CEO Lee Boothby said the E&P has plenty of options to accelerate production growth or pull back should oil prices deteriorate.
“Even at today’s prices, we are seeing excellent returns in SCOOP and STACK and any uplift in oil prices from here simply brightens our view…We are working multiple scenarios today, scenarios that encompass lower-for-longer oil prices as well as more bullish cases that move oil prices to $50/bbl and higher…with prices strengthening from here we would expect to add significant drilling activity in the Anadarko Basin.”
Newfield expects 2016 capital expenditures to total $750 million, the upper end of its $700-750 million guidance, reflecting plans to add rigs to the Anadarko Basin later this year.
The August sale of its Eagle Ford Shale acreage and the other Texas assets provides a near-term cash infusion to accelerate SCOOP and STACK development depending on the price scenario, Boothby said.
Boothby said about 25 pilot wells from seven different operators are planned or running in the STACK. Newfield has or plans to have interest in close to half of these pilots, providing additional data for the operator to design its drilling and completion strategy.
“Spacing configurations today vary greatly with everything imaginable being tested. The good news is to date we have not seen any data that suggests any of the wells are being too tightly drilled,” Boothby said. “It is early, and we will need to capture 12-24 months of production data from these various pilots to make a more definitive final conclusion on optimized spacing.”
During the transition from pilots to multi-well pad development in the Anadarko, production results could be “lumpy” for a while as operators figure out how to deploy capital to go after the basin’s stacked targets, such as the Meramec formation.

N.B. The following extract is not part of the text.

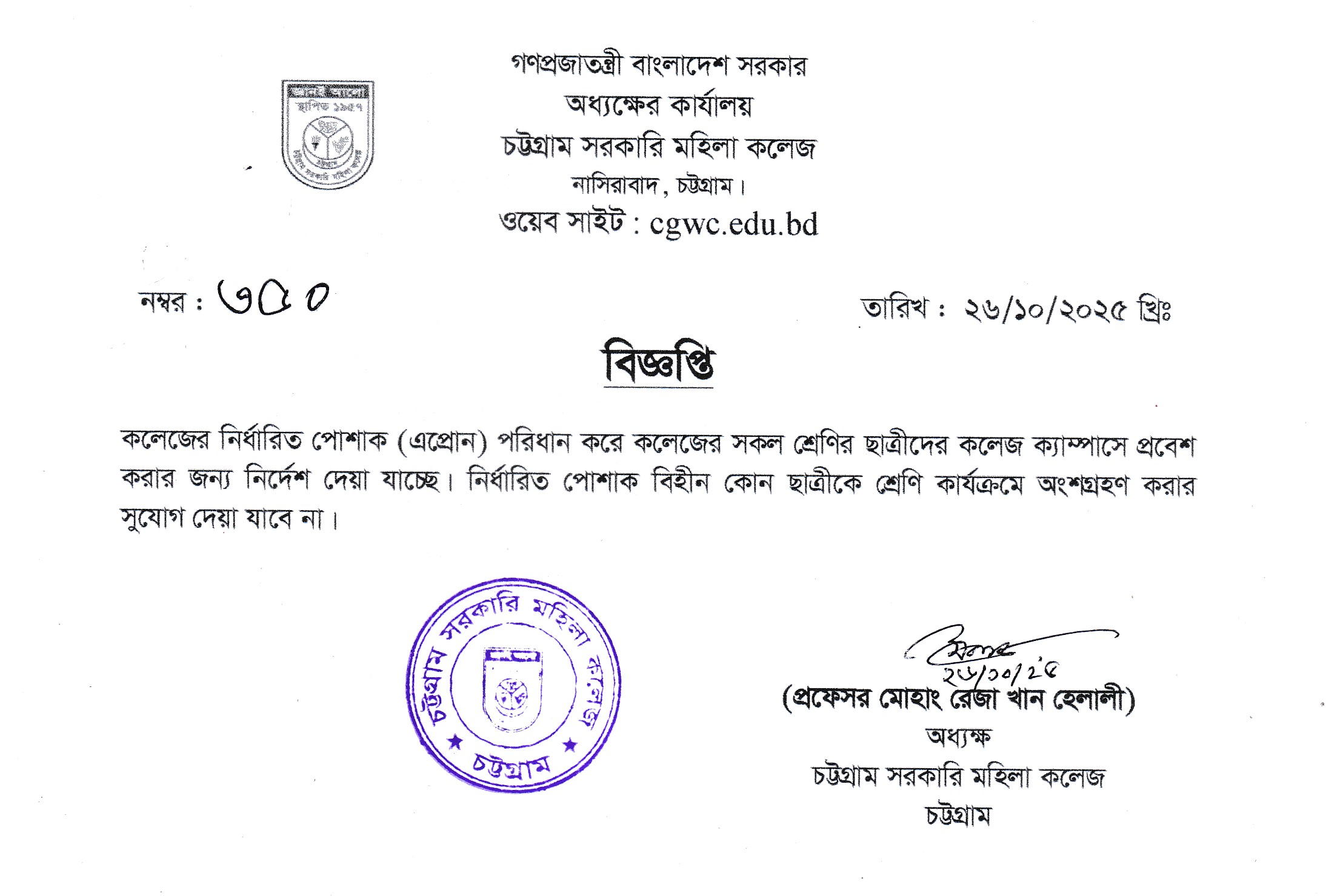 কলেজের নির্ধারিত পোশাক (এপ্রোন) পরিধান সংক্রান্ত বিজ্ঞপ্তি

“Do you decide you know the answer on how many layers there are and you drill all the wells right up front, or do you go through and attack a layer — for instance, attack the Meramec, fully develop that and then come back later for the Osage, Woodford” and the others? “We’re just going to have to work through what the optimal scenario there is,” he said.
Drilling more wells on a pad up front could mean “capital burn for the better part of a year, and we’d be telling you that if we followed that approach fully and completely, that production occurs sometime the year following.”
Newfield has been moving toward larger completion designs in the Anadarko, with the E&P “seeing the same things in the SCOOP and STACK as in other active basins: bigger volumes and more proppant seems to be better when it comes to completions.” Newfield plans to use larger completions, with 2,100 pounds of sand/foot and 2,100 gallons of liquid/foot, on its upcoming Dorothy and Chlouber pilots, with production results expected early next year, he said.
Production for the quarter totaled 15.2 million boe, weighted 42% oil, 19% natural gas liquids and 39% natural gas. Domestic production totaled 14.3 million boe, with production from the Anadarko Basin averaging a record 93,400 boe/d.
Lease operating expenses totaled $60 million, down from $71 million in the year-ago quarter, while transportation and processing costs increased to $71 million from $52 million. General and administrative costs totaled $65 million, roughly flat from $66 million a year ago.
Newfield reported a net income for the third quarter of $48 million (24 cents/share), compared with a net loss of $1.23 billion (minus $7.52) in 3Q2015. Revenue totaled $392 million, compared with $377 million.